Pitkin County on Friday confirmed the second death of a resident due to COVID-19 complications.

Aspen Police discovered a 55-year-old man, Pauli Laukkanen, while performing a welfare check on Tuesday, according to an Incident Management Team press release.

“The decedent had reported minimal symptoms of night sweats and fever several days before his death,” the coroner’s report states. “The decedent was from Sweden but has lived in Aspen for many years and his local friends will be taking care of the funeral arrangements.”

Pitkin County Coroner Steve Ayers received confirmation of the infection Friday and ruled the manner of death as natural.

The news of Laukkanen’s death came one day after county officials announced the first death of a resident, a deceased 94-year-old man who died in his Aspen home Tuesday after three days of symptoms, from complications from the disease caused by the novel coronavirus. His name has not yet been released to the public.

On Friday afternoon, Gov. Jared Polis, in his public update about the state-level response to the public health crisis, broke down some numbers to explain the hypothetical scenarios he’s trying to avoid.

“Today, we have 1,734 confirmed cases, 239 Coloradans hospitalized, 31 deaths and over 11,000 people tested,” he said.
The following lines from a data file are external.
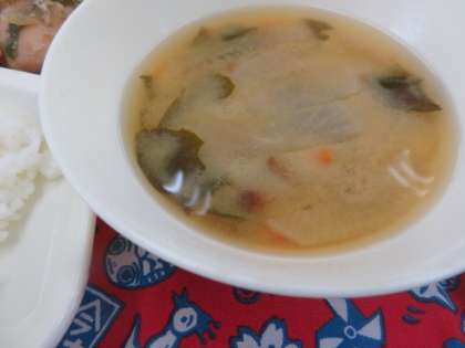 今日の給食では、みそ汁の実として使用されています。秋の味覚を楽しみながらとてもおいしくいただきました。
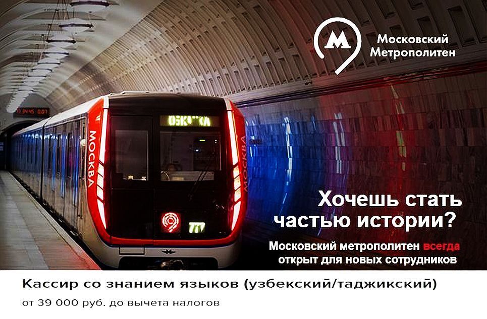 «Добро пожаловать, мигранты!» В метро Москвы требуются кассиры, знающие узбекский и таджикский язык. Зарплата от 39 000 рублей в месяц
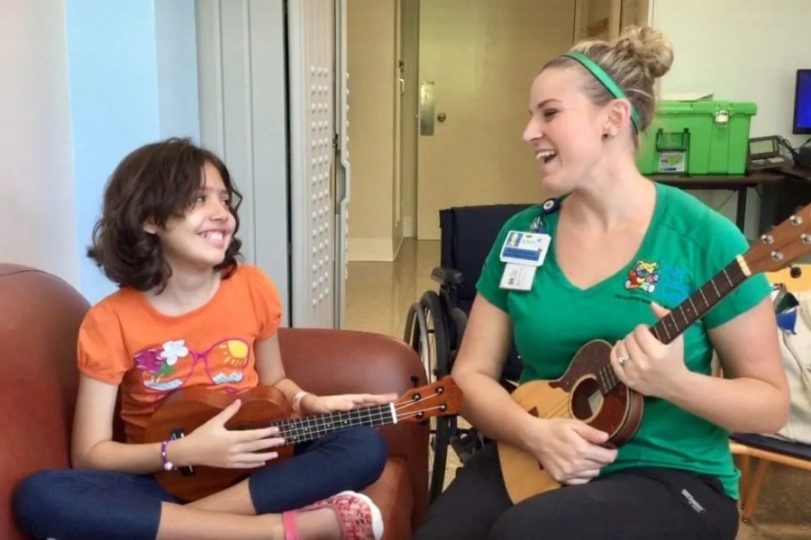 That fateful encounter put Corey on a mission to provide free ukuleles to hospitalized children. Stephanie Epstein, a board-certified Music Therapist at Holtz Children’s Hospital at Jackson Memorial in Miami, Florida, is the President of the UKC. “I met Corey about five years ago when I was starting my music therapy program at Holtz. I had heard about the Ukulele Kids Club from other music therapists. So, I reached out to see if I could start getting donations.” Corey hand-delivered the first donation of five ukuleles to Holtz which, in turn, led to working directly with Stephanie. “I kind of became Corey’s go-to for information concerning music therapy, and our professional relationship from there just blossomed.” Stephanie went on to become Director of Music Therapy for UKC and currently holds the position of President.
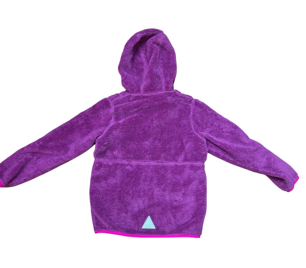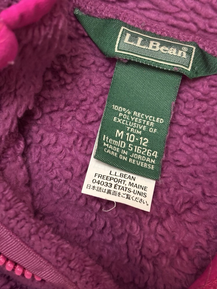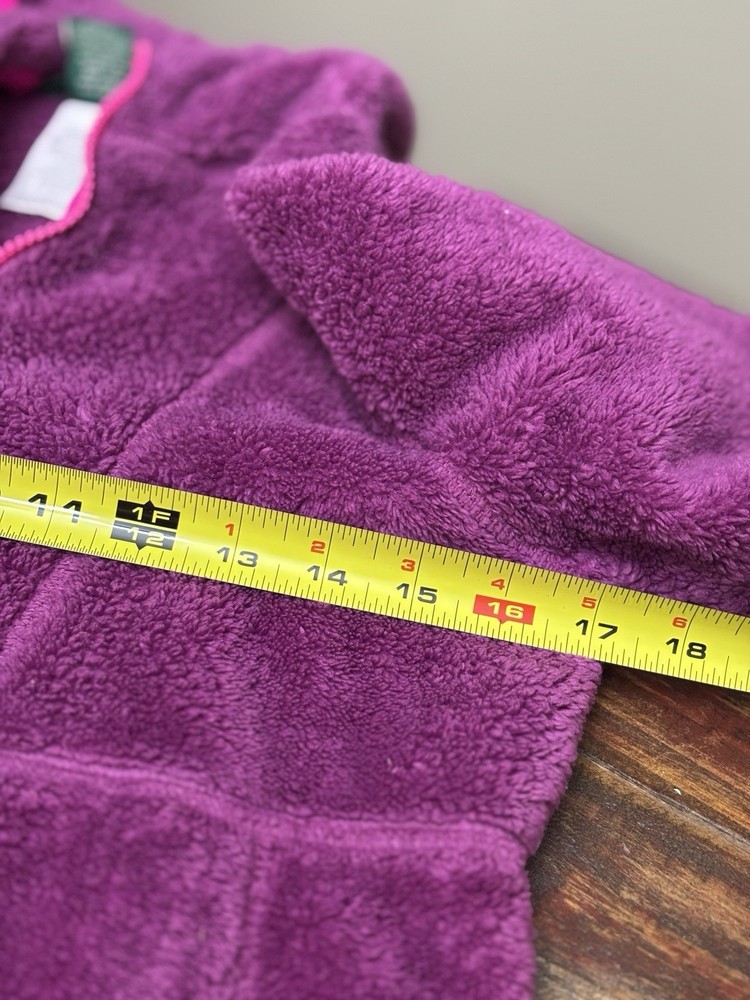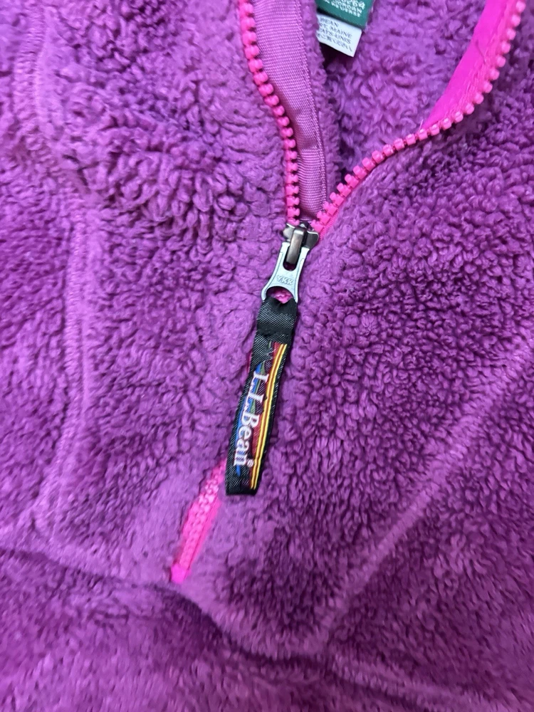 The LL Bean Girls Purple 1/4 Zip Fleece Jacket in size M is a versatile and stylish outerwear piece perfect for young girls. Made of polyester fleece with a solid purple color, this classic fit jacket features a hood, full zip closure, and long sleeves, making it ideal for winter, fall, and spring seasons. The jacket provides warmth and comfort while the accents of the zipper add a fun touch to the basic style. Whether for walking, school, or hiking, this LL Bean jacket combines practicality with a colorful and trendy design for young fashionistas. Chest measurement 17” see photos
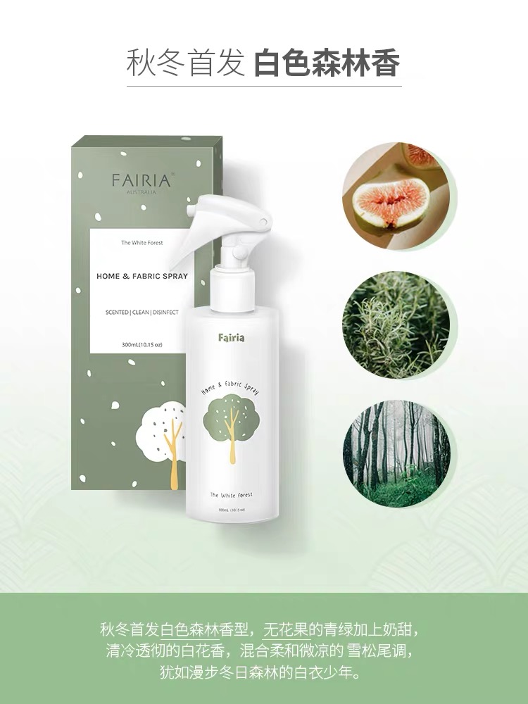香調整體是草木的清香。植物綠意盎然,雨過天晴後,水滴從樹葉上滑過,空氣變得潔淨,雨後森林就是如此清新。除了草木植物的香氣,還可以感受到乾淨的皂感和微微的奶香。白色森林是防蛀款,羊毛尼絨都可以用,衣物預防蟲咬同時,還可以讓衣物還原蓬松柔軟的觸感。
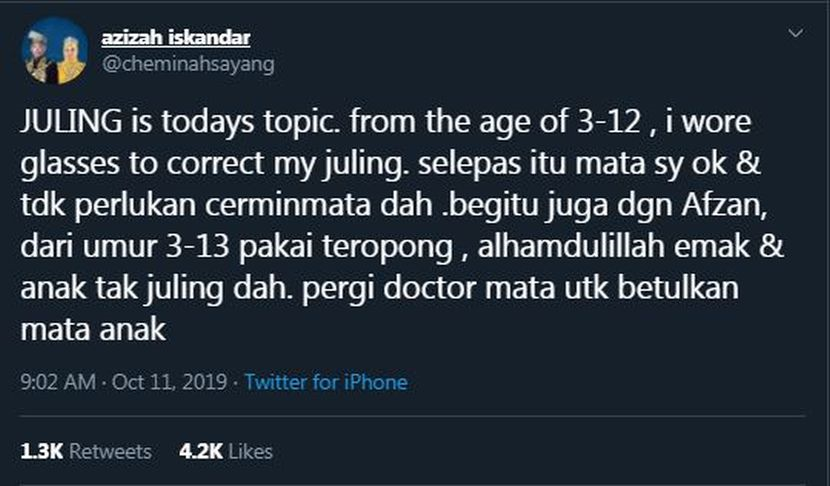 Saya pun juling juga, menurun kepada Afzan. Bukan juling air tapi juling teruk, pakai cermin mata dari umur tiga hingga 12 tahun nak straight kan mata. Juling itu menawan.
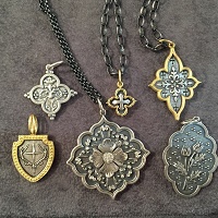 NYC-based artist and jeweler Erica Molinari creates sterling silver, 14K and 18K gold medallions to commemorate life’s most momentous moments. A selection of her work will be on display at On Paper in April. They can special order medallions in many options, which are perfect to celebrate Mother’s Day, graduation and weddings. Medallions are two-sided, some with inspirational Latin and English quotations. All of her work has an incredible level of detail and workmanship that reflect a modern edge with a nod to the Italian Renaissance.
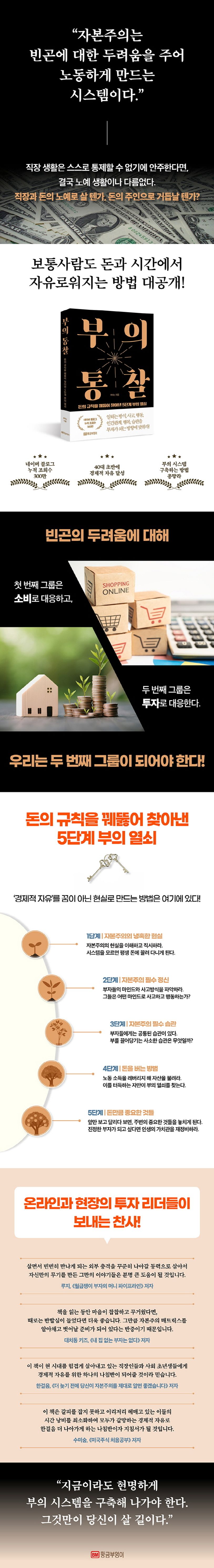 대한민국의 평범한 직장인인 저자는 직장을 다니면서 40대 초반의 나이에 경제적 자유를 달성했다. 어떻게 가능했을까? 이 책은 10명이 도전하면 한두 명만 성공하는 방법이 아닌, 보통사람도 돈과 시간으로부터 자유로워지는 방법을 이야기 하고 있다. 우리가 살고 있는 자본주의를 제대로 이해하고 활용한다면, 누구든 회사에 의존하지 않고도 경제적 자유를 이룰 수 있다. 자본주의는 빈곤에 대한 두려움을 느끼게 해서 노동하게 만드는 시스템이다. 빈곤에서 벗어나지 못한다면 평생 일을 해야만 한다. 하지만 두려워하지 말자. 《부의 통찰》은 5단계에 걸쳐 자본주의 시스템을 이해하고, 자본주의를 부자가 되는 도구로 활용하는 방법을 공개한다. 자본주의에 끌려가지 않고, 제대로 활용한다면 자본주의는 결국 나를 위해 작동할 것이다.
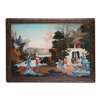 depicting a scholar and his attendant crossing a bridge on their way to visit a friend, who sits in the front garden with his attendant cooling him down with a fan and his two wives coming out from a luxury house, the scene set on the shore of a lake in a wild mountainous landscape, framed
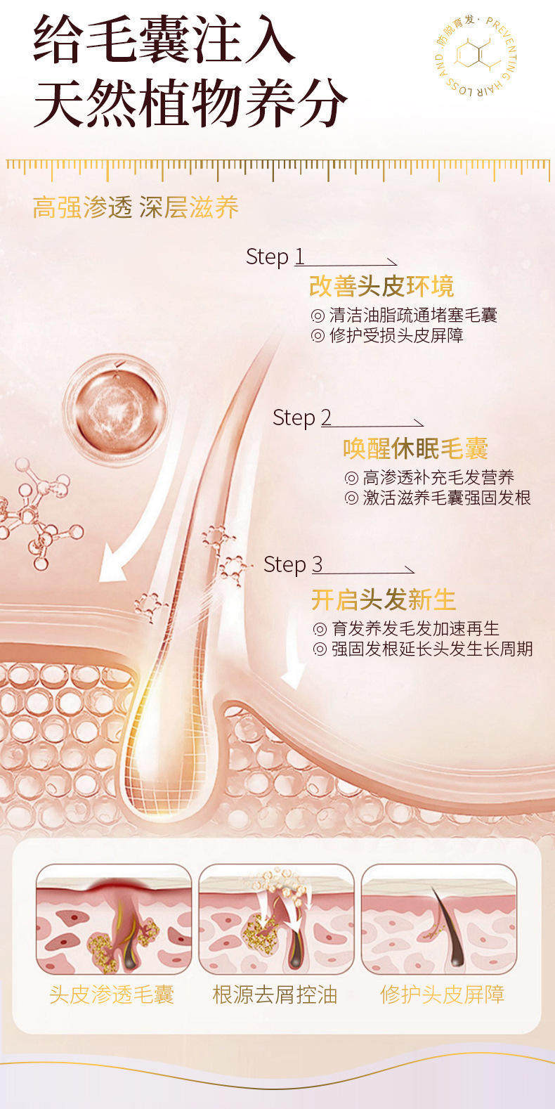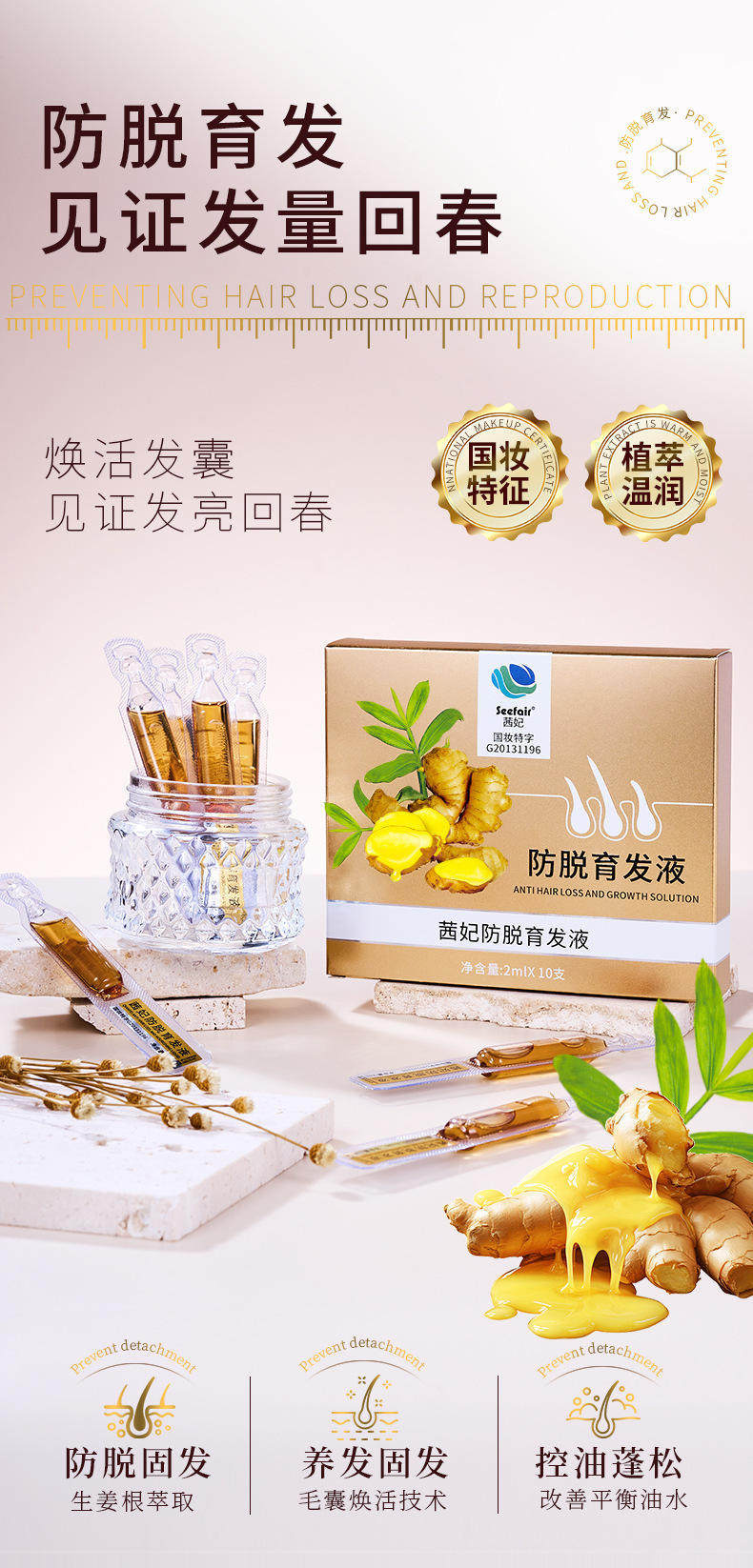 Сыворотка с имбирем, травяной лосьон для волос с экстрактом растений, антиалопеция
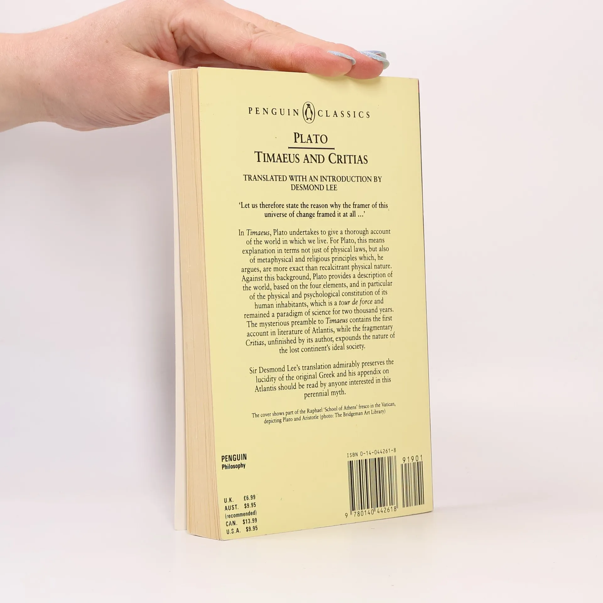 Taking the form of dialogues between Socrates, Timaeus, Critias and Hermocrates, these two works are among Plato's final writings. In Timaeus, he gives a thorough account of the world in which we live, describing a cosmos composed of four elements - earth, air, fire and water - which combine to give existence to all things. An exploration of the origins of the universe, life and humanity, which outlines not just physical laws but also metaphysical and religious principles, it remained a paradigm of science for two thousand years. The mysterious preamble to Timaeus contains the first account in literature of Atlantis, while the fragmentary Critias, unfinished by its author, provides a spellbinding description of the lost continent's ideal society, which Critias asserts was created by the god-like children of Poseidon himself.
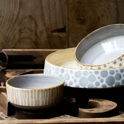 Midcentury modern meets classic chic. Warm neutral tones hand painted on hard ceramic in Portugal.

Of those cases, 25 are in Pitkin County, according to the Colorado Department of Public Health and Environment, though the CDPHE website has not yet accounted for the two Pitkin County deaths in its data.

Perhaps more important than the number of cases to date, however, is the estimated R0, pronounced R-naught, value, which measures a disease’s infectiousness, Polis noted.

“We believe in Colorado the R0 value is between 3 — that is, one person could infect three people — and 4. We hope it’s closer to 3,” he said. “That is higher than in some areas of the world, where it was 2.5 or so; it could also be lower than some areas of the world. The goal of this is to reduce that R0 so one person doesn’t give it to three people, three to nine. It’s a function of two things: The innate properties of the virus — how does it spread, how long are you contagious — but also the social and environmental factors in any place.”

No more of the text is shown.